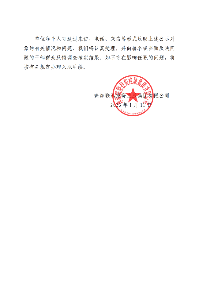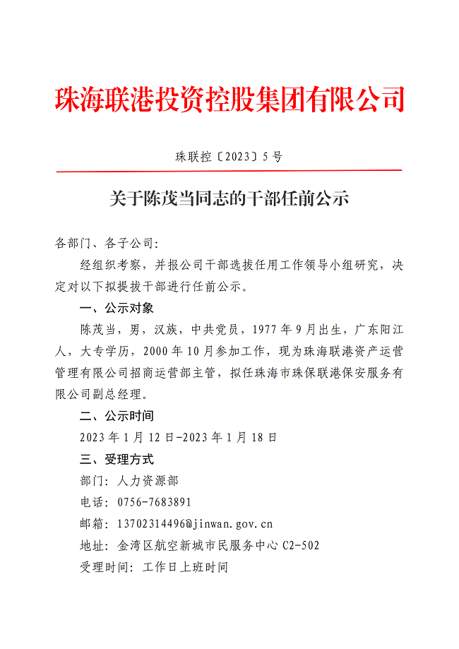 珠聯(lián)控〔2023〕5號(hào) 關(guān)于陳茂當(dāng)同志的干部任前公示
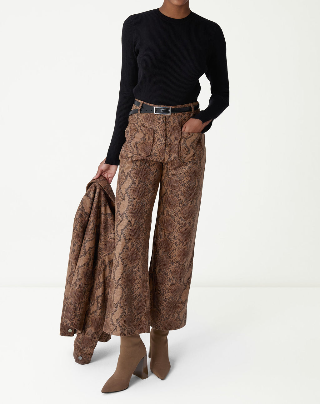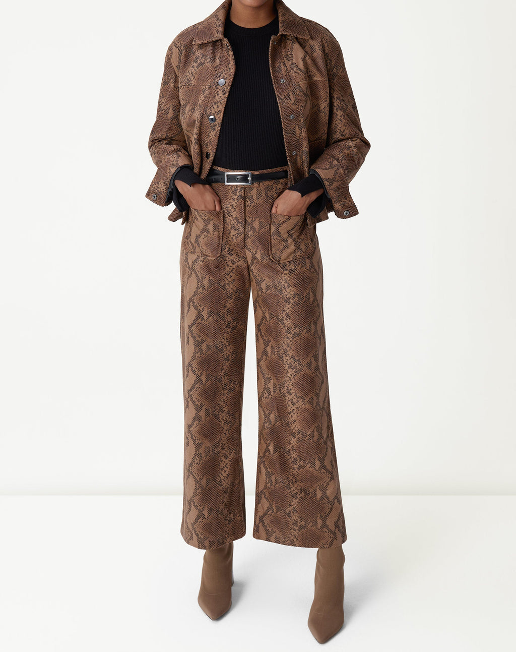 Desfrute do luxo e da elegância com a Calça Reta Cobra PU. O design minimalista se destaca pela estampa animal print e cós alto, garantindo um look sofisticado e atemporal. Perfeita para um jantar sofisticado ou um evento especial.
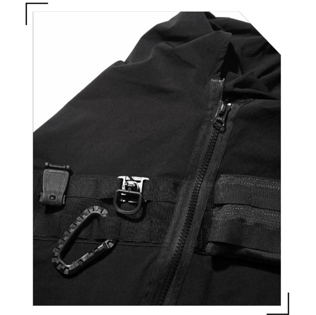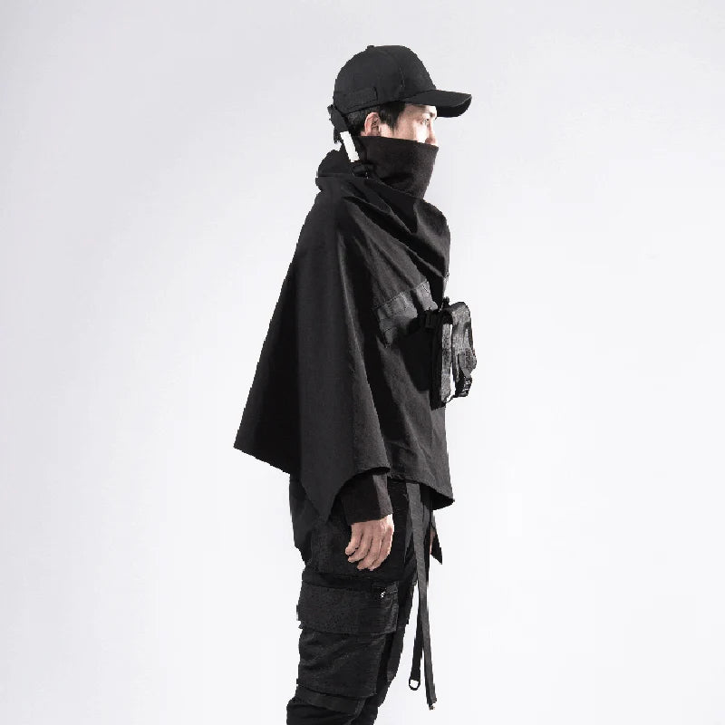 • Technical clothing: This techwear cloak is equipped with a multitude of storage pockets to easily carry your personal belongings.
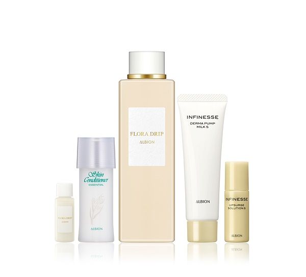 ALBION為了在週年慶寵壞愛用者,第一檻$6000滿額贈「柔嫩光澤美肌組」全面加入熱賣產品,從奇肌修復露d、健康化妝水、黃金全效修護精華油到健康面膜E,實用度超高,輕旅行時帶著走就能擁有柔嫩光澤美肌。

____________

WHAT YOU SHOULD DO: Hand back exactly the lines from the one with "Desfrute do luxo" through the last line of the data above, both ends included, with every picture left out.

RESULT:
 Desfrute do luxo e da elegância com a Calça Reta Cobra PU. O design minimalista se destaca pela estampa animal print e cós alto, garantindo um look sofisticado e atemporal. Perfeita para um jantar sofisticado ou um evento especial.
 • Technical clothing: This techwear cloak is equipped with a multitude of storage pockets to easily carry your personal belongings.
 ALBION為了在週年慶寵壞愛用者,第一檻$6000滿額贈「柔嫩光澤美肌組」全面加入熱賣產品,從奇肌修復露d、健康化妝水、黃金全效修護精華油到健康面膜E,實用度超高,輕旅行時帶著走就能擁有柔嫩光澤美肌。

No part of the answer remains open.